Both are per-session, backed by the PostgreSQL KV-store (`session_store` table) and survive server restarts.

**Scratchpad** — named sections for working notes within a task. Operations: `write`, `append`, `read`, `clear`. Subagents get isolated scratchpads (unique UUID-based session ID in `run_ephemeral()`).
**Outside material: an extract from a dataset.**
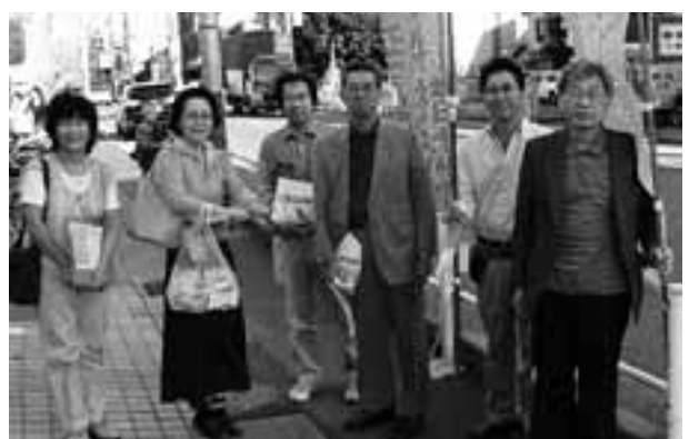
ユニー守山店前での宣伝で守山労連のみなさん

田共同センターに参加し、地域ローラー作戦を開始。前日に署名用紙と協力を訴えるチラシを配布していき、回収にまわっています。参加者からは「街頭よりも効率がよい」と感想が出されています。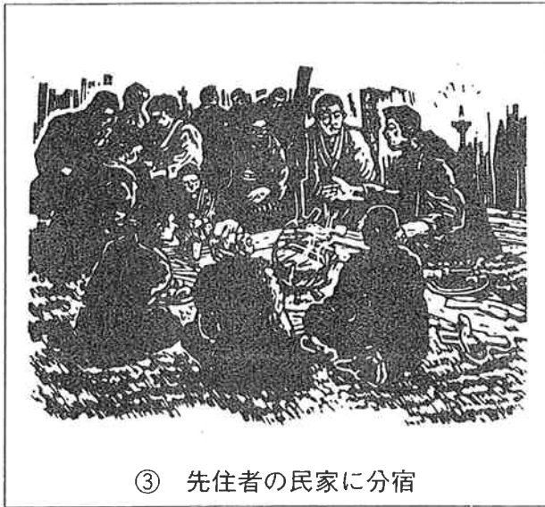
③ 先住者の民家に分宿

**Todo** — checklist for tracking multi-step plans. Operations: `set` (replace all tasks), `update` (set status of one task), `read`. Statuses: `pending`, `in_progress`, `done`, `failed`, `skipped`.

---

## Image tool flow

When `image_view` succeeds, it returns `ToolResult` with `metadata={"is_image": True, "base64": "..."}`.

The agent detects this and appends a synthetic user message with the image to `session.context` (but not `session.messages`). This makes the image visible to the next LLM call without polluting the display history.

See [`sessions.md`](sessions.md) for the dual-buffer design.

## UI component tool flow (`navi_ui`)

The internal `navi_ui` MCP server renders structured UI components inside chat messages. It exposes one tool: `render_component(component_name, payload, session_id)`.

The server validates `payload` against the registered component schema and returns a JSON envelope:

```json
{
  "output": "Component 'card_grid' rendered for session s1",
  "metadata": {
    "ui_component": {
      "component": "card_grid",
      "payload": { ... validated payload ... }
    }
  }
}
```

`navi/mcp/tools.py` parses this envelope for the `navi_ui` server:

- `metadata.ui_component` is stored on the `role="tool"` message for the call.
- `output` is returned as the tool text result.
- If `output` starts with `"Error:"`, the call is treated as a failure.

The webclient reads `metadata.ui_component` from the tool message, resolves the Vue renderer by `component` name, and renders it inline within the assistant message. Because the metadata lives on the persistent tool message, the UI component survives page reload and session restore.

### Available components

| Component | Use for |
|---|---|
| `card_grid` | Compact grid of cards with details modal. |
| `form` | Schema-driven user input form with client-side validation. |

### `form` component

`render_component("form", payload)` renders a form in the webclient. The client validates input in real time, sends the result back as a JSON WebSocket message, and replaces the form with a read-only summary. The submitted JSON is stored as a hidden `role="user"` message (`is_display=False, is_context=True`), so it reaches the LLM but never appears in the chat UI.

Payload schema (`FormPayload`):

- `form_id` (required, string) — stable identifier for this form instance.
- `title` (optional, string) — heading above the form.
- `description` (optional, string) — instructions or helper text.
- `fields` (required, array, max 20) — list of `FormField` objects:
  - `name` (required) — machine identifier, `[a-zA-Z0-9_-]+`.
  - `label` (required) — shown above the input.
  - `type` — one of `text`, `textarea`, `number`, `email`, `url`, `select`, `multiselect`, `checkbox`, `date`.
  - `required` (bool).
  - `placeholder` (string).
  - `default` — pre-filled value.
  - `options` (array of `{label, value}`) — required for `select` / `multiselect`.
  - `min`, `max` — for `number`.
  - `minLength`, `maxLength` — for `text` / `textarea`.
  - `pattern` — ECMAScript regex for `text` / `textarea`.
  - `description` — per-field hint.
- `submit_label` (optional, default `"Submit"`) — button label.

On submit the client sends:

```json
{"type": "form_submit", "form_id": "...", "values": {"field_name": "value", ...}}
```

Server validation is intentionally minimal; the LLM receives the JSON values and requests clarification if anything is missing or wrong.